# Noob help



## MT_MT (Mar 11, 2018)

Hi. Im new to morel foraging and started today at a nearby park in northern Atlanta. Over 1 hour , I found what I believe to be two tiny morels, but since I don't know what I'm doing I would like some help identifying. The yellow one I found was right off the trail as soon as I started but looked as if something took the top off. The second was kinda black. Anyway are these morels and are they okay to eat? lol Thanks.


----------



## stripernut (Feb 25, 2018)

MT_MT said:


> Hi. Im new to morel foraging and started today at a nearby park in northern Atlanta. Over 1 hour , I found what I believe to be two tiny morels, but since I don't know what I'm doing I would like some help identifying. The yellow one I found was right off the trail as soon as I started but looked as if something took the top off. The second was kinda black. Anyway are these morels and are they okay to eat? lol Thanks.

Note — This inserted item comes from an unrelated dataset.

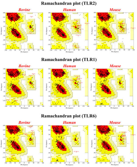 Ramachandran plot depicting the structural integrity of bovine, human, and mouse TLRs. The majority of residues fall within the allowed regions. Red (A, B, L), yellow (a, b, l, p) and pale yellow (~a, ~b, ~l, ~p) indicate the most favored, allowed and generously allowed regions, respectively. White color represents the disallowed regions.

In my opinion you have a hit there. Can't tell what's going on with the last pic but that hollow stem is a good sign. Hopefully someone with more experience than mine will answer you.


----------



## deleted (Mar 30, 2013)

MT_MT said:


> Hi. Im new to morel foraging and started today at a nearby park in northern Atlanta. Over 1 hour , I found what I believe to be two tiny morels, but since I don't know what I'm doing I would like some help identifying. The yellow one I found was right off the trail as soon as I started but looked as if something took the top off. The second was kinda black. Anyway are these morels and are they okay to eat? lol Thanks.

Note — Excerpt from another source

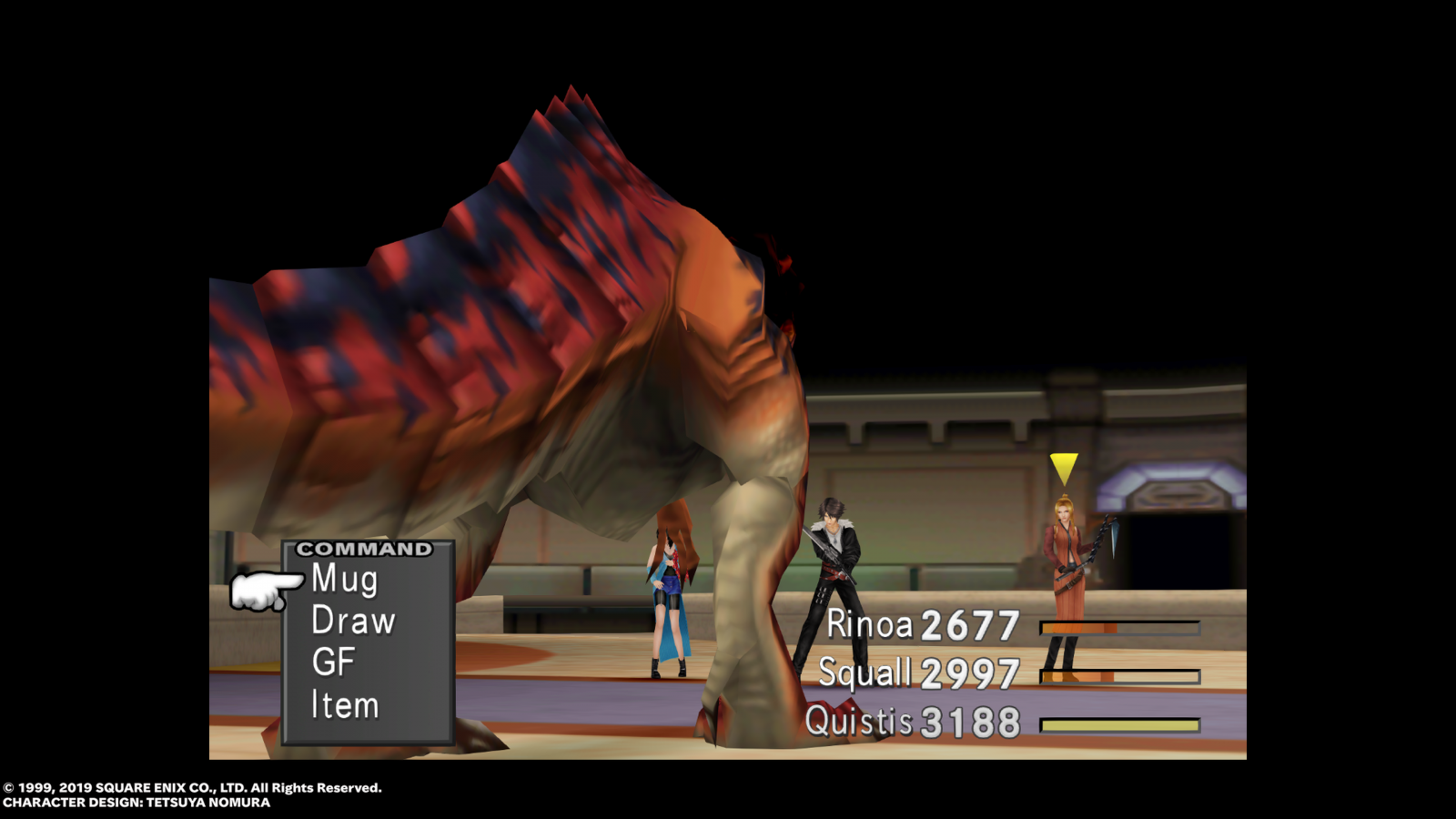 Feeding into the junction system are the magic and draw systems. Unlike previous entries, magic functions as an item; you have a limited inventory for spells and can hold up to 100 of a single spell. You get magic by using the draw command in battle. Each enemy has a selection of spells you can either stock for later or cast immediately. If you want to be as strong as you can, you’ll want 100 of each spell to junction to your characters, so you’ll have to draw 100 of each spell an enemy is carrying for each of your three party members in battle. This is where the game can get a bit tedious. In the original release, it would take a loooooong time to fill up on magic while waiting through animations and trying to keep your party alive. Thankfully, this remaster helps this process somewhat. You can speed up the game and become completely invincible just by pressing in the left and right sticks respectively. If you enable the memory cursor in the options as well, you can just hold the confirm button and watch them go. The whole drawing process takes a minute or so, so it’s a lot more bearable this time around. It’s still tedious, but much less so now. When first encountering a new enemy or boss, I would enable the 3x speed and invincibility at the beginning of battle to draw all the magic I needed, then disable both to actually fight them.

Yep, you done good there. get a few more and fry um up !


----------



## MT_MT (Mar 11, 2018)

Thanks. Went to another park today and found a lot more  . Sadly I found quite a lot of morels today that were too small to consider picking or looked shriveled up.


----------



## Lydia (May 20, 2018)

I've found a couple of these around my house the last few years, but have always been afraid to try them. Can anyone verify they are true morels? I live in Western NY (just saw this is listed as GA but I'm having trouble finding the right forum to ask questions in).


----------



## Lydia (May 20, 2018)

T tom said:


> That's a true morel. If you're not sure slice them length wise and it will be completly hollow. False morels will kinda look like cotton on the inside of the stem.


IF i picked it yesterday and it sat out (it was high 50's today) is it still good? Or should they be refrigerated.


----------



## Lydia (May 20, 2018)

T tom said:


> Still good, you can dehydrate them in the sun, soak in water then cook. Put them in the fridge if you plan to eat soon.


Thanks! Glad I found this site!


----------